We also tried to restore the database to a new server with MySQL Version 8.0.23, but there we could see the same behavior.

On a new, empty database the import of the logfiles works like a charm.

Here is the command we use to upload our log files:
sudo python3 /var/www/matomo/misc/log-analytics/import_logs.py --url=http://<site-URL> --add-sites-new-hosts --recorders=4 --force-lowercase-path <log file>
We also tried to use different values for recorders, also with no difference.

When monitoring the MySQL database we saw the following queries during the import which where slow and could cause the problem:

Info about the system:

MySQL:

  • Version: 5.7.26
  • CPU: 4Cores
  • MEM: 32GB
  • Table size:
    – piwik_log_link_visit_action: ~5,8GB
    – piwik_log_visit: ~150MB
    – piwik_archive_blob_XXXX: ~80MB
    – piwik_archive_numeric_XXXX: ~25MB

Matomo Server:

  • Matomo Version: 4.2.1
  • OS: Ubuntu 20.04.2 LTS
  • CPU: 2 Cores
  • MEM: 4GB
  • PHP: 7.4.3
  • Python: 3.8.5
  • Webserver: Apache/2.4.41
    The System check shown no errors.

Log file:

  • Type: Nginx access log file
  • Size: ~330 MB, ~1000000 lines

Can someone please advise us on how to fix this problem?

Thank you

Hello,

we found a solution for the problem with slow performance during the import.

We updated the index ‘index_idsite_idvisitor’ of the table ‘piwik_log_visit’ with the following SQL statement:

ALTER TABLE `piwik_log_visit`
DROP INDEX `index_idsite_idvisitor` ,
ADD INDEX `index_idsite_idvisitor` (`idsite` ASC, `idvisitor` ASC, `visit_last_action_time` ASC);

This increased our import performance from 4-5 records/sec to ~450 records/sec.

The query_time for the select statement that caused the slow performance (see screenshot in the previous post) decreased from ~0,28 sec to ~0,0002 sec.

1 Like

Hi,
Out of curiosity could please explain how you arrived to this particular statement?
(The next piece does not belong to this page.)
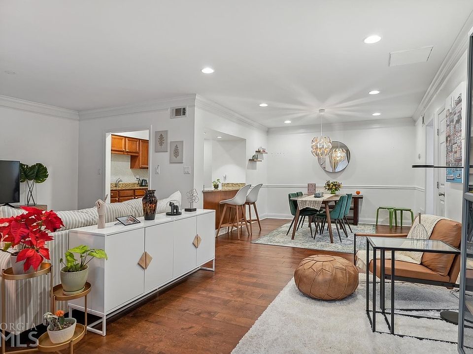 This is your opportunity to get into a beautiful 2Bed/2Bath condo in the heart of Sandy Springs for below market value!!! On top of that, Sellers are offering $10,000 credit towards closing to buy down interest rate! Talk about a hidden gem and Affordability!!! This condo is in a gated community for your safety. It offers a spacious open floor plan with beautiful hardwood floors throughout the main living area. The kitchen is updated with tile floors, stainless steel appliances, granite countertops and a breakfast bar. You will also have a dining area for your formal dining table. This is a perfect layout for entertainment! Walking down the hall you will find a stack up laundry room for your convenience, both bedrooms and bathrooms, one being a master with a walk-in closet. The outdoor patio is currently going through renovations, but you will have a nice brand-new private patio once it's completed. The community offers amenities such as swimming pool, gas grill, gym facility, clubhouse. Wonderful location! Very close to shopping, restaurants, and entertainment, close to Marta & easy access to 285/400. Near Sandy Springs City Center and Abernathy Greenway & Park. This community is not FHA approved. Showings to begin on Saturday, Jan 7th. Agents, please see private remarks about this special condo.

Did you try making changes to mysql conf etc?

Hi,
we used the slow query log to monitor what happens when Matomo imports data, and so we found the Query (the ‘select’ posted above), which slowed the process down.
With this knowledge, we tried out some changes to the MySQL conf but could not solve it this way.
So we started looking into the Query itself to optimize it.

Hi,

This might be related to

This might help

To workaround this performance issue set [Tracker]enable_userid_overwrites_visitorid=0 in your config/config.ini.php if userId is used. If userId is not used, there is currently no workaround.